TASK ITEM: The material below has pictures in it. Set down only the lines from the line containing "toiletrolhouder met planchet, goud" through the line containing "二、活動相關資訊如下: (一)活動日期:113年11月27日(星期三)上午10時00分至下 午16時00分。", word for word, and leave the pictures behind.

SUPPLIED DATA:
++++++

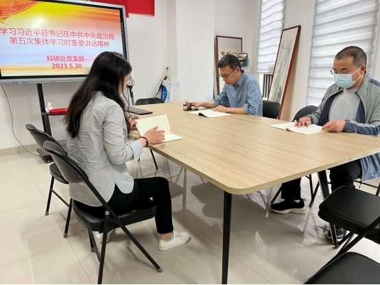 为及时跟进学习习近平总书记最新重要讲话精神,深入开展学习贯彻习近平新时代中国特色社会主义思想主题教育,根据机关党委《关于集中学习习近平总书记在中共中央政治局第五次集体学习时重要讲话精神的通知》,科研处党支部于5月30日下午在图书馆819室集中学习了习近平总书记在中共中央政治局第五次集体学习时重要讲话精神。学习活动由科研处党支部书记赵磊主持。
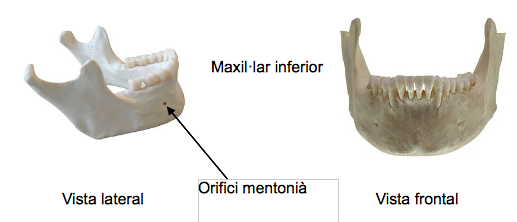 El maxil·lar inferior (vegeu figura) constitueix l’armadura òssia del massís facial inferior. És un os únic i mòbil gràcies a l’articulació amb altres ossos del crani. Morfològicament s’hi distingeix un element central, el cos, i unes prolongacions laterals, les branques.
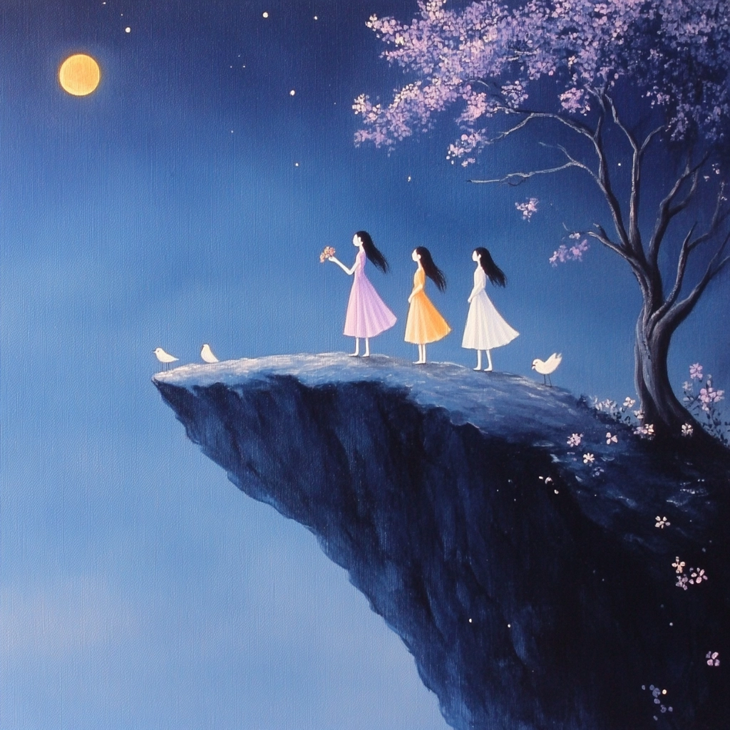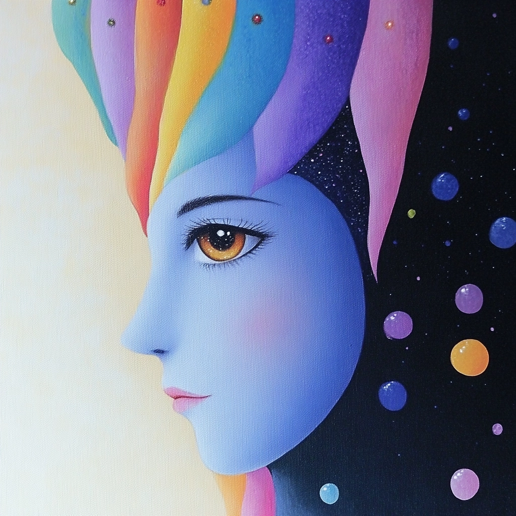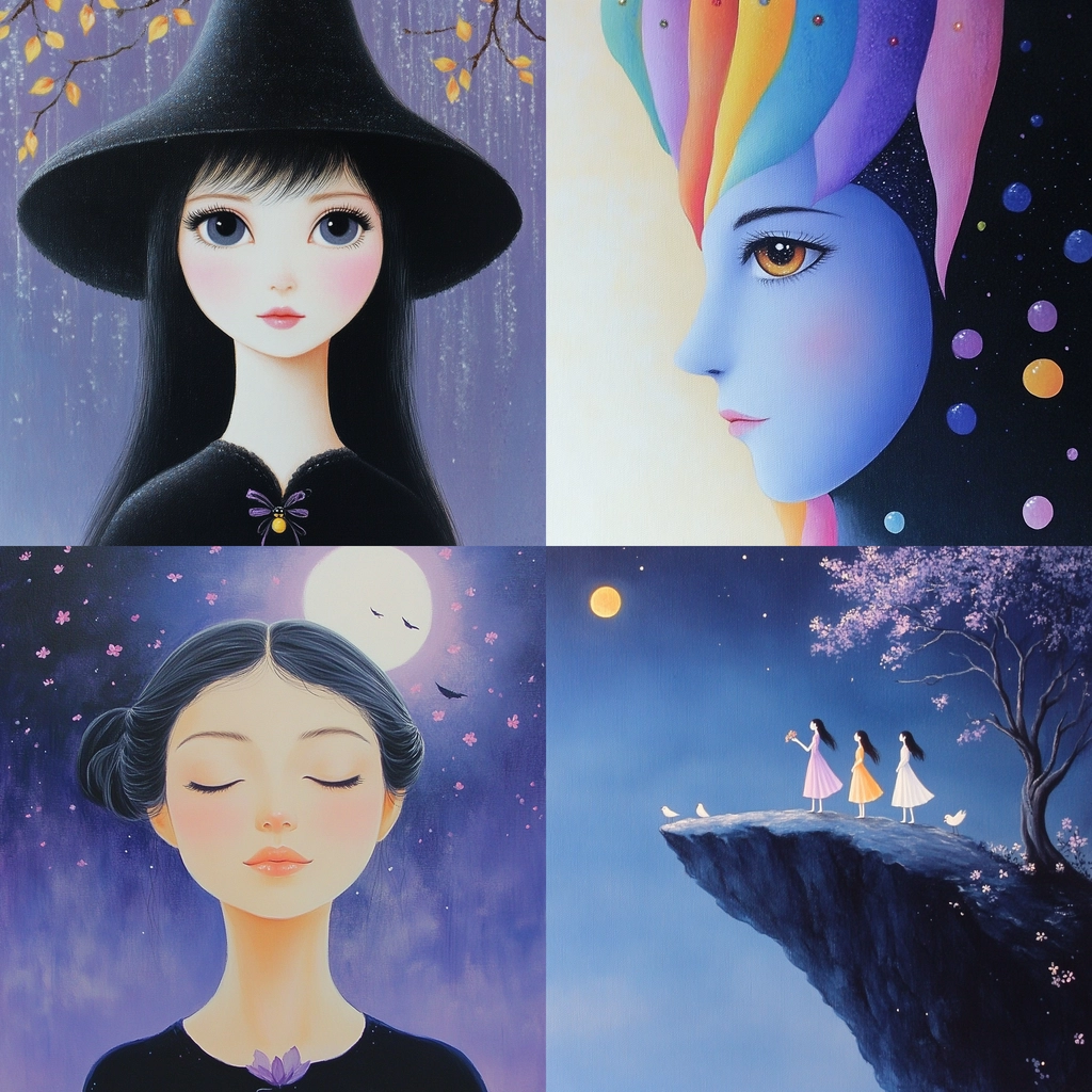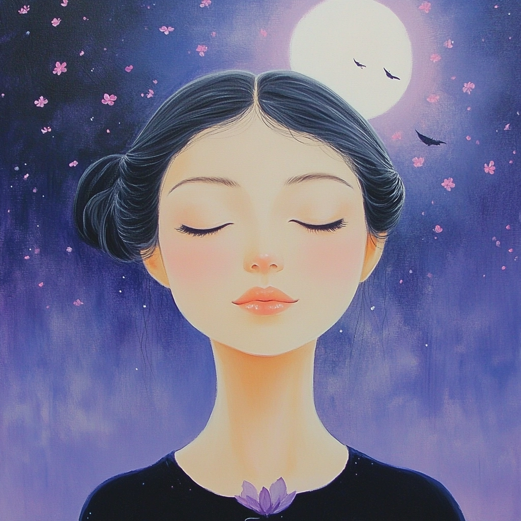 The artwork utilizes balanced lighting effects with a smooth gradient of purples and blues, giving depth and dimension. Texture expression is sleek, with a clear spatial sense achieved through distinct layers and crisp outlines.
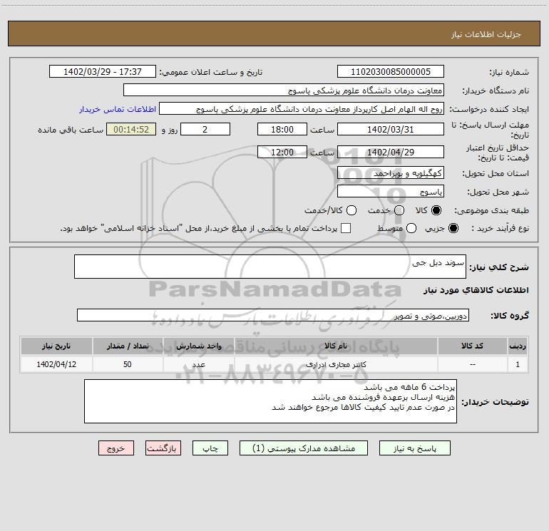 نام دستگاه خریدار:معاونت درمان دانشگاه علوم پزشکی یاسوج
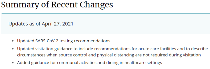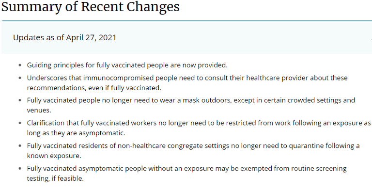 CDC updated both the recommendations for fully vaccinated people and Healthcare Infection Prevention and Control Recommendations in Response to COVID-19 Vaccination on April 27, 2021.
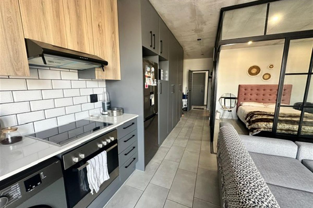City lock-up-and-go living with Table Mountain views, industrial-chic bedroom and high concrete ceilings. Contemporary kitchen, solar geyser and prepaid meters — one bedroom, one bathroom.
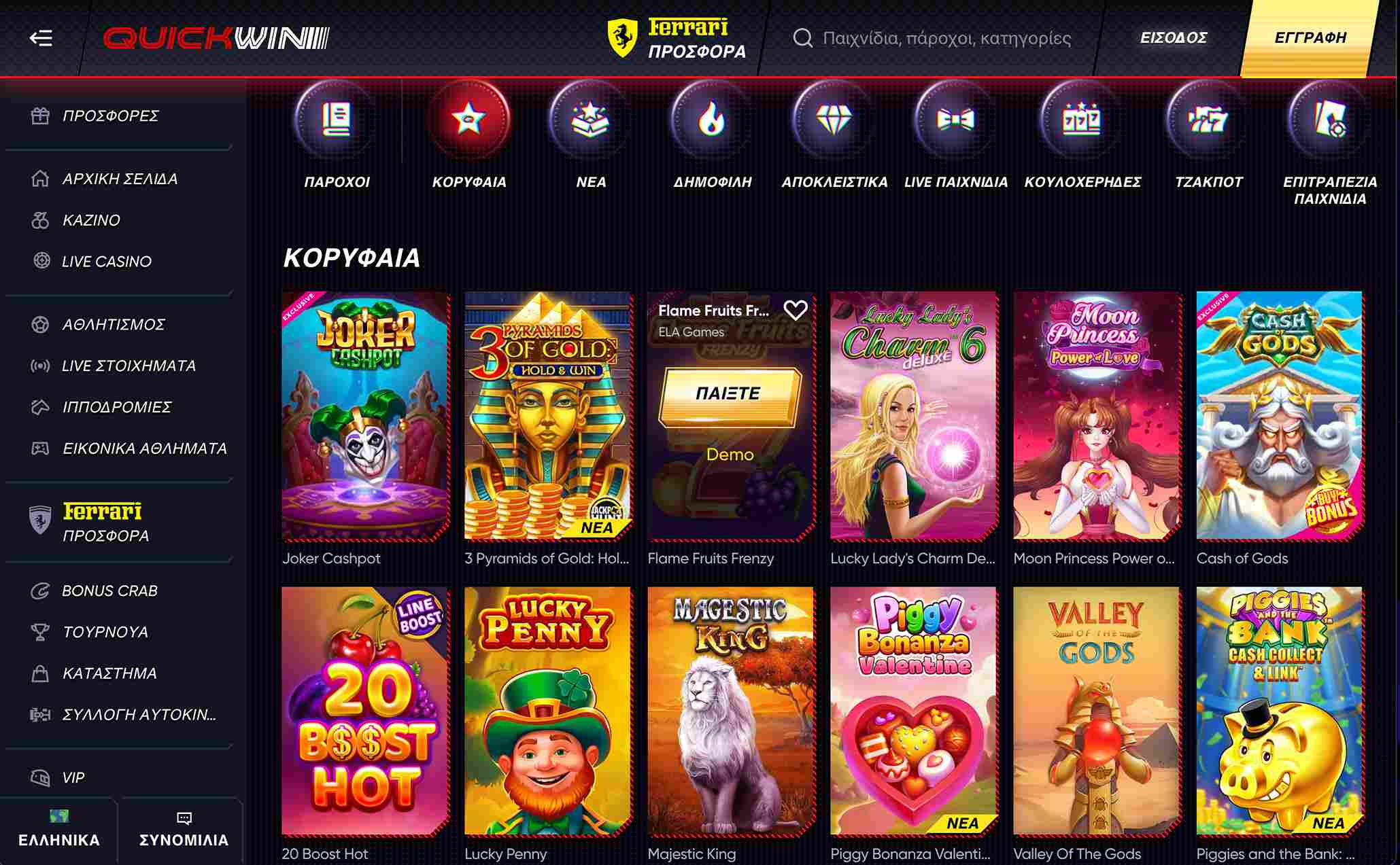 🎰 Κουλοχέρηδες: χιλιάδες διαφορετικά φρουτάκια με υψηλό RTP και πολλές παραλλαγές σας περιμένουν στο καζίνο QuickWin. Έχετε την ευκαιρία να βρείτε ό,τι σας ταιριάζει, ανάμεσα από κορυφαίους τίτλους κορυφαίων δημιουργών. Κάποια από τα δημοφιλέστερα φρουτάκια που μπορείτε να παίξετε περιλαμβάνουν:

++++++

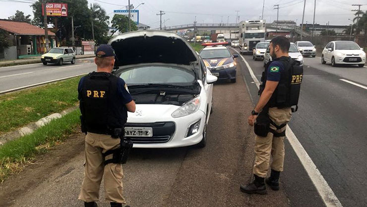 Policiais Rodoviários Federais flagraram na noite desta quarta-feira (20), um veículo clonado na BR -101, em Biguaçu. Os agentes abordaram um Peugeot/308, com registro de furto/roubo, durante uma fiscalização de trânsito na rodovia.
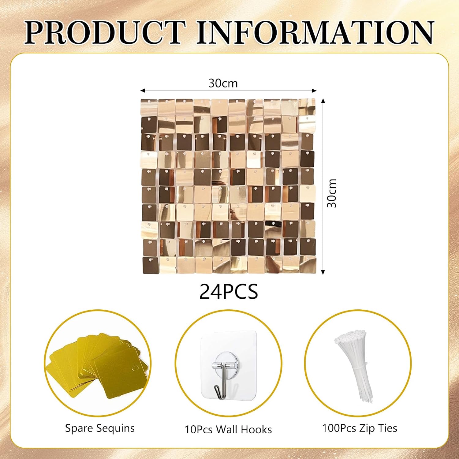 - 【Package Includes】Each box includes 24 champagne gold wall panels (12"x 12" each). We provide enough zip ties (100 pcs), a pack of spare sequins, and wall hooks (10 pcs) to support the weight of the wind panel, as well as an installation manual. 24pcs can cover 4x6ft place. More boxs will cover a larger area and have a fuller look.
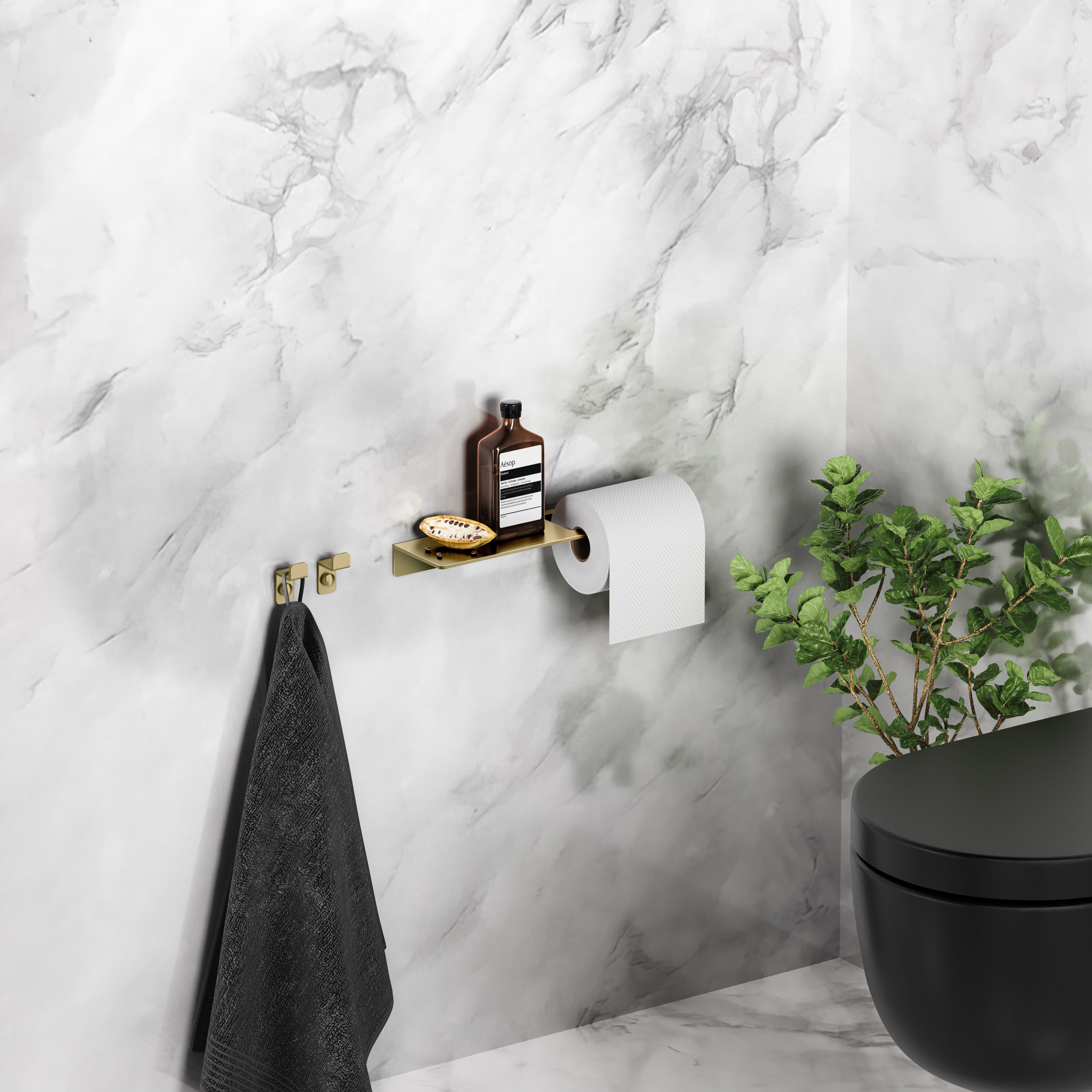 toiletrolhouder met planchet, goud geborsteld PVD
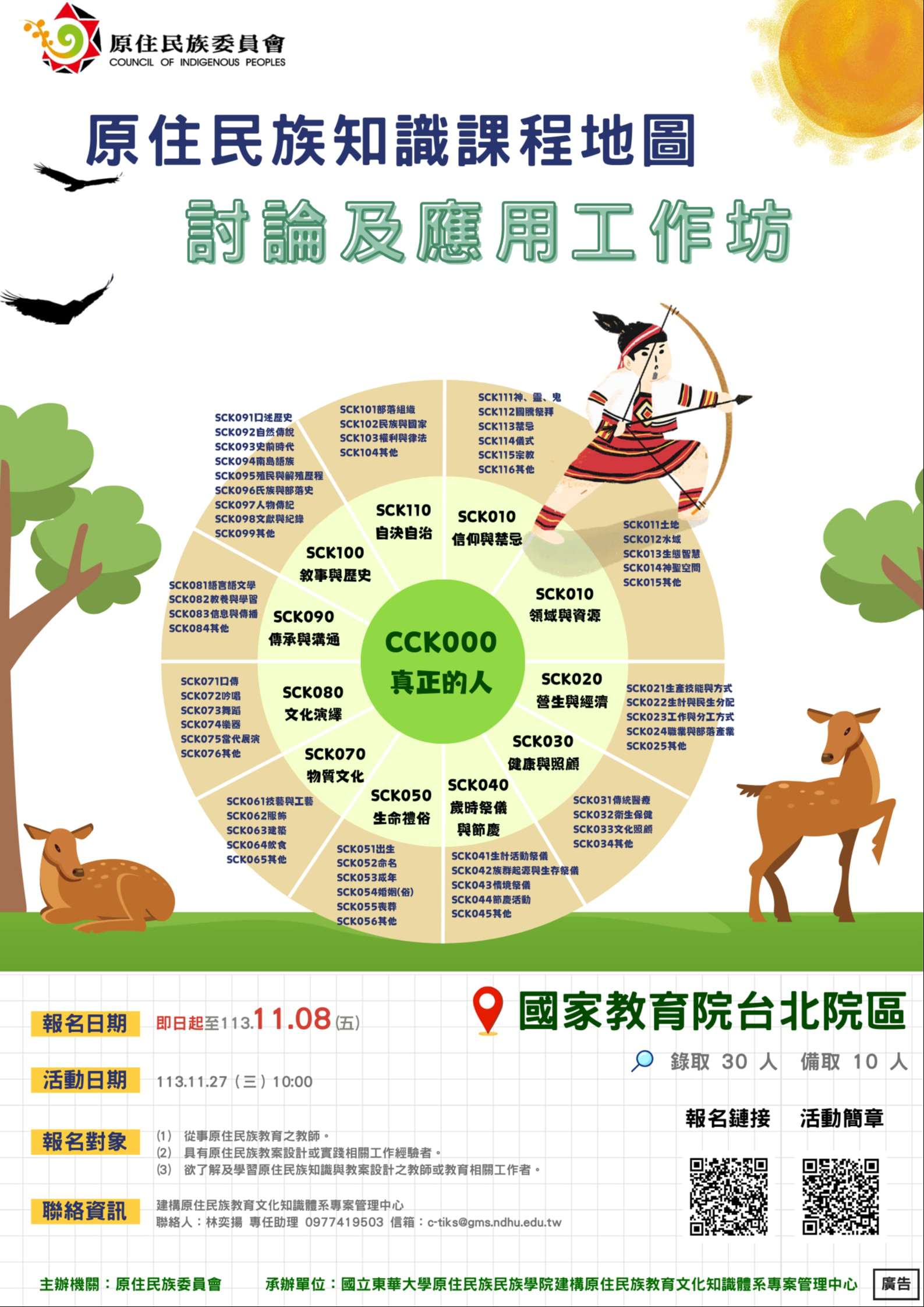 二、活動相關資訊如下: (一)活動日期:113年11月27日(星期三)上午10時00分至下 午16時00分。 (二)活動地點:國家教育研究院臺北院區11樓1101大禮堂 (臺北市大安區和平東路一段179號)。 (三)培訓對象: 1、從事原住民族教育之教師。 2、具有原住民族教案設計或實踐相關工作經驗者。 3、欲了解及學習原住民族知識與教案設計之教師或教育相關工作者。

++++++

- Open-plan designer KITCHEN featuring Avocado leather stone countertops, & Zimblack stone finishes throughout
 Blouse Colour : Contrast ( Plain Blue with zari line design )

++++++

OUTPUT BELOW:
 toiletrolhouder met planchet, goud geborsteld PVD
 二、活動相關資訊如下: (一)活動日期:113年11月27日(星期三)上午10時00分至下 午16時00分。 (二)活動地點:國家教育研究院臺北院區11樓1101大禮堂 (臺北市大安區和平東路一段179號)。 (三)培訓對象: 1、從事原住民族教育之教師。 2、具有原住民族教案設計或實踐相關工作經驗者。 3、欲了解及學習原住民族知識與教案設計之教師或教育相關工作者。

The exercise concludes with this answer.